_WORK TASK_
Retype the listing found below exactly, but leave out each picture.
───── DATA ─────
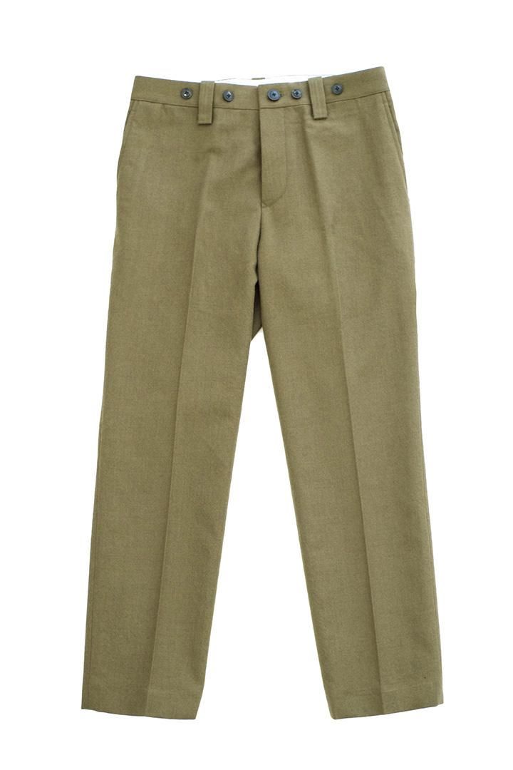 古い時代の英国ミリタリーワーキングドレスパンツベースデザインがクラシックな1本。 ベルト裏にセットされたマーベルトはシャツがはみ出すのを抑える英国ならではのテーラード仕立て。
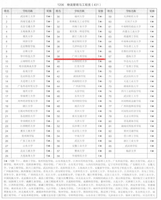 自2018年起,在中国科教评价网发布的《中国大学及学科专业评价报告》中,物流管理专业在参评的全国高校物流管理与工程类专业中均排名靠前。2021-2024年度,本专业在参评的全国455个高校物流管理与工程类专业排名中连续三年广东省民办本科高校中排名第一。且连续四年被评为五星级专业。
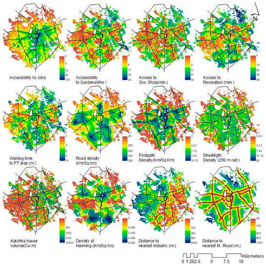 The data used were collected for the Low-Carbon Comprehensive Mobility Plan (LCMP) Rajkot study []. The household survey used was conducted in the year 2012 and was for 2848 households, and their dwellings spread across the city. For each unit, the data contained information on how far and for how much time the residents travelled to access essential services. These travel time values captured in the household survey were interpolated using the inverse distance weighted (IDW) method in ArcGIS®. The IDW method used power function (2), and the eight nearest neighbours for interpolation. The interpolated data were validated using a portion (10%, 285 points) of the survey data (not used for interpolation exercise). The interpolated results showed good and statistically significant correlation with the observed data (walking time to shopping (R2 = 0.82), walking time to recreation (R2 = 0.94), walking time to gardens (R2 = 0.76), walking time to bus stops (R2 = 0.85)).
─────
_ANSWER SECTION_
 古い時代の英国ミリタリーワーキングドレスパンツベースデザインがクラシックな1本。 ベルト裏にセットされたマーベルトはシャツがはみ出すのを抑える英国ならではのテーラード仕立て。
 自2018年起,在中国科教评价网发布的《中国大学及学科专业评价报告》中,物流管理专业在参评的全国高校物流管理与工程类专业中均排名靠前。2021-2024年度,本专业在参评的全国455个高校物流管理与工程类专业排名中连续三年广东省民办本科高校中排名第一。且连续四年被评为五星级专业。
 The data used were collected for the Low-Carbon Comprehensive Mobility Plan (LCMP) Rajkot study []. The household survey used was conducted in the year 2012 and was for 2848 households, and their dwellings spread across the city. For each unit, the data contained information on how far and for how much time the residents travelled to access essential services. These travel time values captured in the household survey were interpolated using the inverse distance weighted (IDW) method in ArcGIS®. The IDW method used power function (2), and the eight nearest neighbours for interpolation. The interpolated data were validated using a portion (10%, 285 points) of the survey data (not used for interpolation exercise). The interpolated results showed good and statistically significant correlation with the observed data (walking time to shopping (R2 = 0.82), walking time to recreation (R2 = 0.94), walking time to gardens (R2 = 0.76), walking time to bus stops (R2 = 0.85)).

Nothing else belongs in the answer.